68 Whether this occurs depends upon whether the failure to lodge the caveat, when considered in light of all the other circumstances, led another person to acquire an interest in the land on the mistaken assumption that the earlier unregistered interest did not exist (J & H Holdings Australia Pty Limited v Bank of New South Wales (1971) 125 CLR 546 at 554). In the present case, there is a realistic prospect that such a claim could be made out, although on the material before me I cannot express a view about whether it is more likely than not that it would be made out.
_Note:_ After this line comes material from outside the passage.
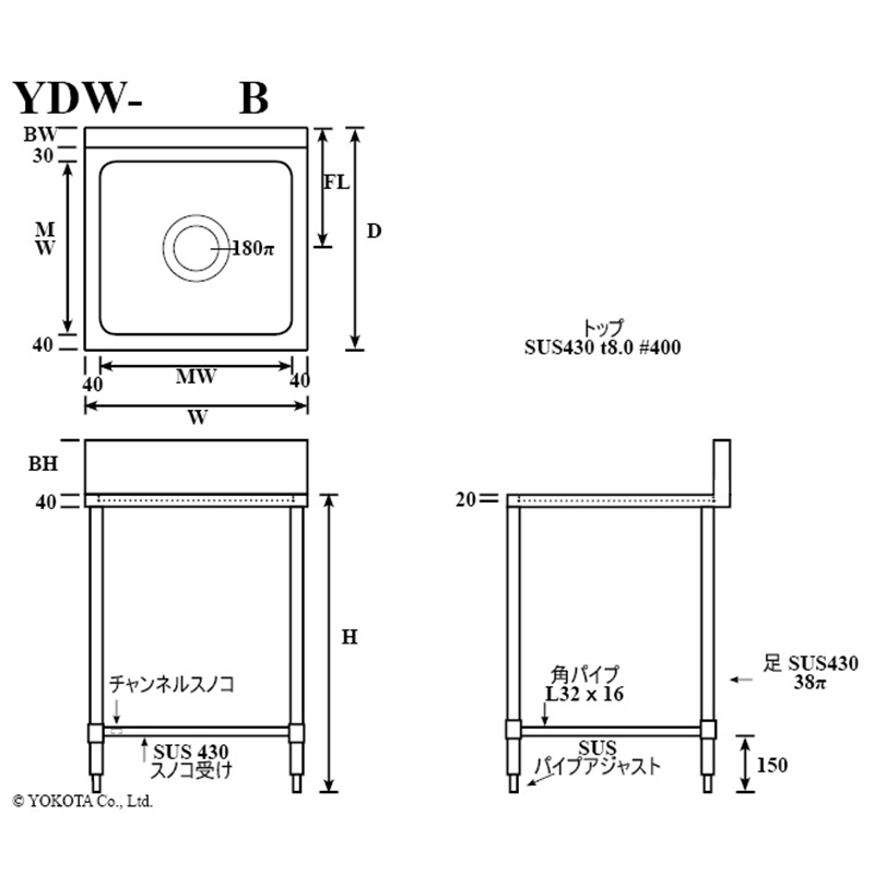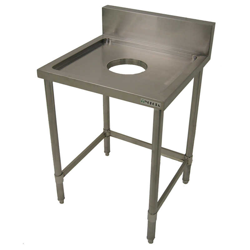 Commercial dust table with backguard. This model, equipped with a backguard, is ideal for wall-side installation. It features pipe legs for superior stability. Made of SUS430 stainless steel, it is suitable for use in restaurants and other facilities. A wide range of sizes is available, allowing you to choose according to your installation space.

69 In all these circumstances, I have come to the view that the balance of convenience is such that the claim of the plaintiff to have an interest in the land over which the caveat was lodged, arising under the alleged oral Option Agreement, should not be permitted to be protected by an ongoing caveat.
70 At the time that there was discussion before me about the appropriate course to take, last Friday, when the prospect of treating the present application as an application under section 74O of the Real Property Act 1900 was raised, neither the parties nor I had focused on the difference between the interest which was asserted in the present proceedings (arising from the alleged option agreement of 18 May 2001), and the interest in the land which is asserted by the caveat. A caveat to assert an interest arising under the Option Agreement would not run foul of s 74O of the Real Property Act 1900. Section 74O says:
"(1) This section applies if a caveat lodged under a provision of this Part in respect of any particular estate or interest in land...lapses...and the same caveator lodges a further caveat with the Registrar General in respect of the same estate, interest or right and purporting to be based on the same facts as the first caveat.
(2) A further caveat to which this section refers has no effect unless:
(a) The Supreme Court has made an order giving leave for the lodgment of the further caveat and that order or an office copy of the order accompanies the further caveat when it is lodged with the Registrar General ...".